Focus on Faculty Profiles

Daniel Bara

Daniel Bara

Daniel Bara, the John D. Boyd UGA Foundation Professor of Choral Music in the Hugh Hodgson School of Music, cultivates an outlook among students where great accomplishment, artistry and talent are never divorced from a sense of humility, joy and gratitude.

Where did you earn degrees and what are your current responsibilities at UGA?

I hold a bachelor of music degree in organ from the University of Michigan as well as two master of music degrees in organ and conducting.  My doctorate is from the Eastman School of Music in Rochester, New York. I am the John D. Boyd UGA Foundation Professor of Choral Music and the director of choral activities in the Hugh Hodgson School of Music, which is part of the Franklin College of Arts and Sciences. Basically, I provide administrative oversight for all of the choirs at UGA (though I share conducting responsibilities with my amazing colleague, Dr. J.D. Burnett, and my graduate conducting students), and teach conducting to undergraduate and graduate students in the Hugh Hodgson School of Music.

When did you come to UGA and what brought you here?

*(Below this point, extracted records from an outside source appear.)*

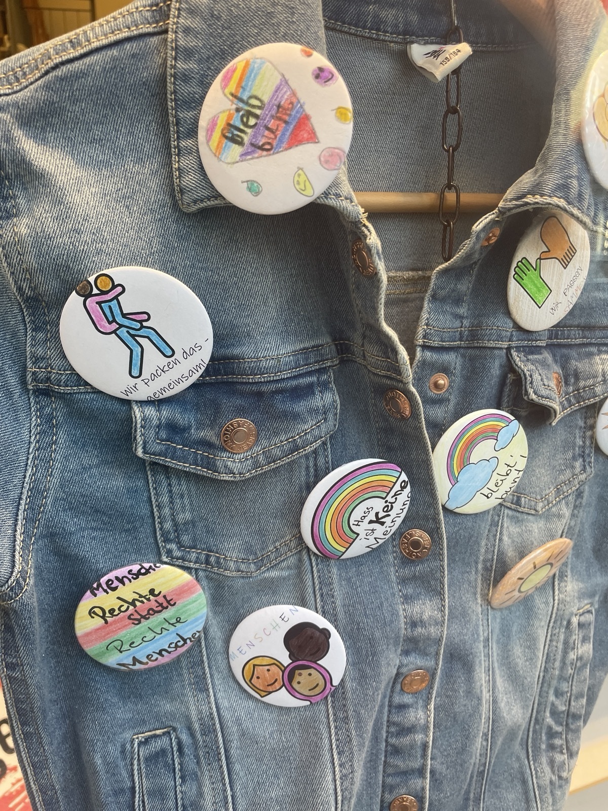 Hier sehen nun alle Besucher unsere schöne Wimpelkette und viele tolle Buttons für Vielfalt und gegen Ausgrenzung.Â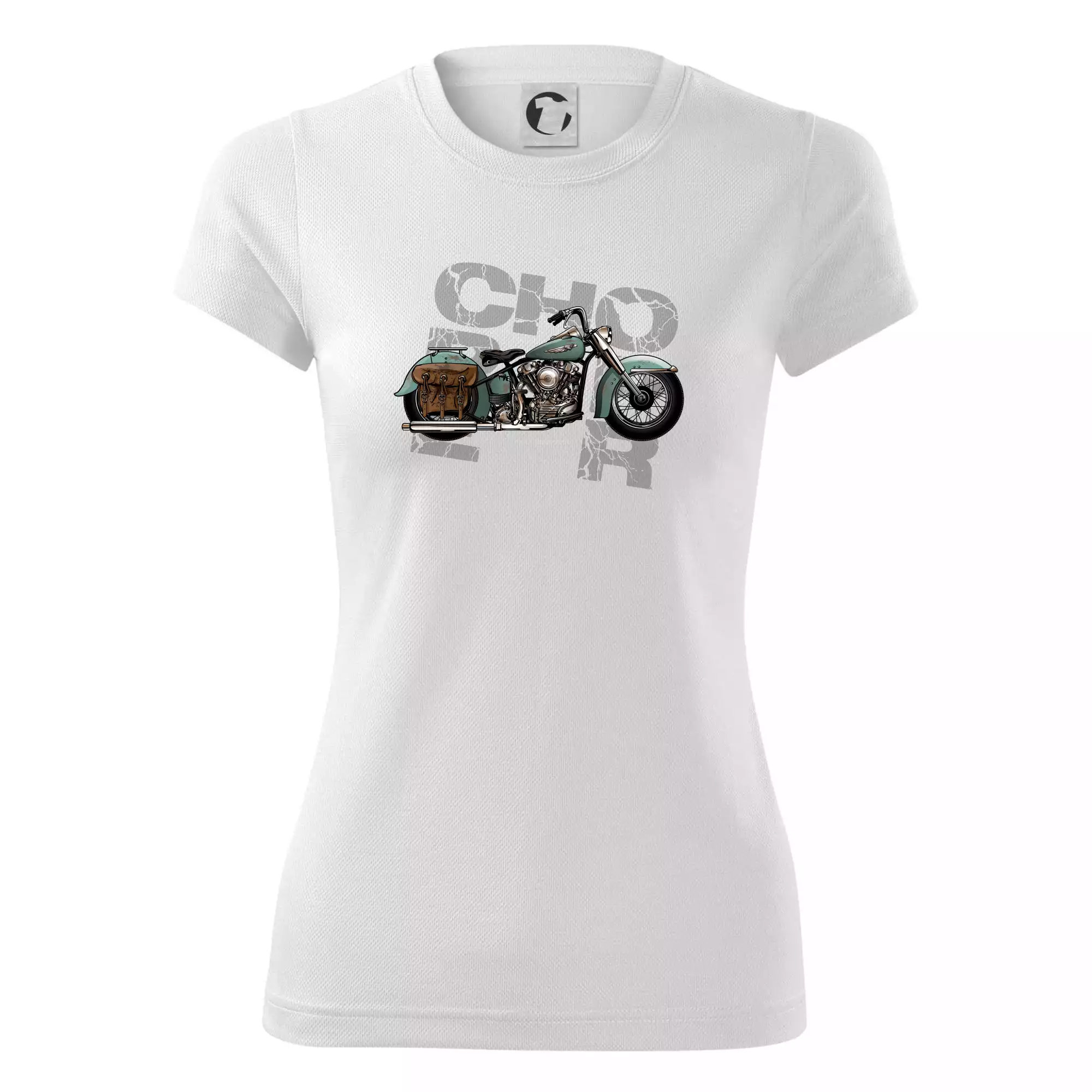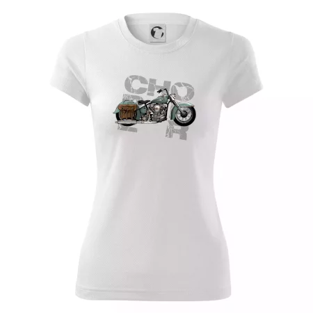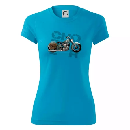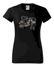 Tričko pre motorkárov, na ktorom je modrá motorka chopper s brašňou. Motocykel by mal mať na tričku každý správny motorkár. Moto tričko s motorkou je vhodný darček pre motorkárov.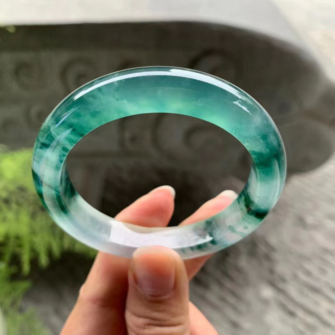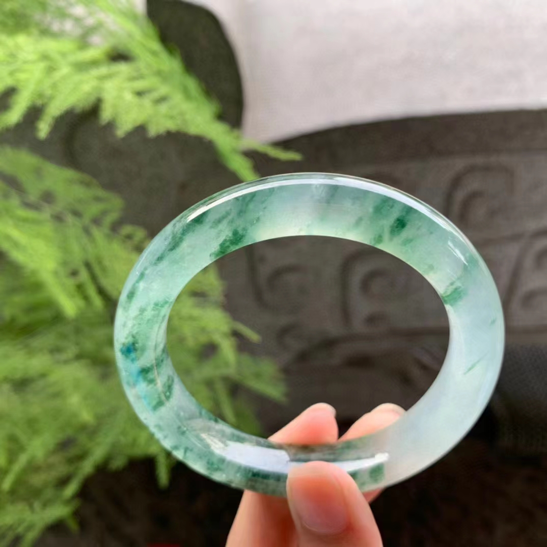 高(gāo)冰飄花(huā)圓條翡翠手镯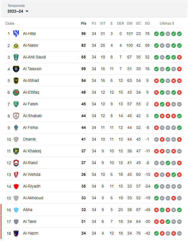 Um dos mais badalados da temporada 2023/24, o Campeonato Saudita foi encerrado nesta segunda-feira (27). Com as principais posições já definidas na parte de cima da tabela, o jogo de maior destaque foi entre Al Akhdoud e Al Taee, que, em confronto direto, brigavam pela última vaga fora do Z-3.

I came in fall of 2010. The UGA program is larger than the program I left at East Carolina University and offers the doctorate in conducting, which ECU didn’t. However, the main reason for my move was to be closer to my then-future wife, Dr. Deanna Joseph, who landed the position of director of choral activities at Georgia State University that same year.

What are your favorite courses and why?

I love making music. So, my favorite class tends to be with the UGA Hodgson Singers, which is UGA’s most selective choral ensemble and one of the choirs that I conduct. I also love teaching conducting, so my undergraduate choral conducting class and my graduate conducting seminar are great fun for me, too. I love how the art of leading an ensemble forces a musician to be able to articulate and show (gesturally) a vision for a piece of music. We can’t get on the podium without distinct ideas (and feelings) about the music.

What interests you about your field?

A million things …! but, the nature of artistry, leadership, motivational skills, vocal sound, language, poetry, stylistic and cultural diversity in music, dramatic communication with an audience … on and on.

What are some highlights of your career at UGA?

I have so many reasons to be proud of our choirs and graduate conductors at UGA, but the UGA Hodgson Singers’ performances at the American Choral Directors Association Southern Division Convention in 2014 and at the International Choral Competition Ave Verum in Austria that same spring were both truly memorable. And, our recent performance (spring 2017) of Craig Hella Johnson’s oratorio, Considering Matthew Shepard, with Dr. Johnson conducting was truly wonderful and in many ways transformative.

How does your research or scholarship inspire your teaching, and vice versa?

I think of myself as a practicing clinician/musician first and foremost. So, my work with choirs of all types is in many ways a large part of my research, which is about choral pedagogy and the cultivation of fine choirs. So, my work with the choirs at UGA and elsewhere is my creative output as an artist-conductor and my research as a teacher who is preoccupied with trying to become a better teacher and conductor.

What do you hope students gain from their classroom experience with you?

I hope that students who sing in my choirs become better musicians who are better equipped to practice and interpret music on their own as solo musicians. I also hope to cultivate an outlook among my students where great accomplishment, artistry and talent are never divorced from a sense of humility, joy and gratitude that must be shared with others. And, I hope that students who are in my classes/ensembles will risk becoming unabashedly and demonstrably passionate about whatever they are doing.

Describe your ideal student.

Hardworking, motivated, open, intelligent and who comes to class with questions and ideas and passions. And, a good sense of humor. Someone who takes the music seriously as well as the art of music-making, but doesn’t take themselves too seriously. Someone who thrives on the responsibility and accountability of being a great musician, but does so without letting ego get in the way of growth or the serendipity of musical collaboration.

Favorite places to be/thing to do on campus is…

Choral rehearsal room, and Hodgson Hall! Music lives there!

Beyond the UGA campus, I like to…

Spend time with my wife and baby daughter … walking, cooking, relaxing on the back porch.

Community/civic involvement includes….

Work as choir and orchestra director at First Presbyterian Church of Atlanta, and outreach performances with various university ensembles within churches, schools, etc.

Favorite book/movie (and why)?

Book: John Irving’s “A Prayer for Owen Meany.” I love and admire Owen Meany’s profound sense of proud individuality and self, despite being so different from his peers.  And his faith that his life has an important purpose.
Movie: “Dead Poet’s Society.” A movie that relishes an exploration of poetry, individuality and one’s ability to think for him/herself.

Is there anything else you’d like to add?

Join a choir at UGA! We have choirs for all schedules and levels of experience. And, even a choir that faculty, staff and community members can join.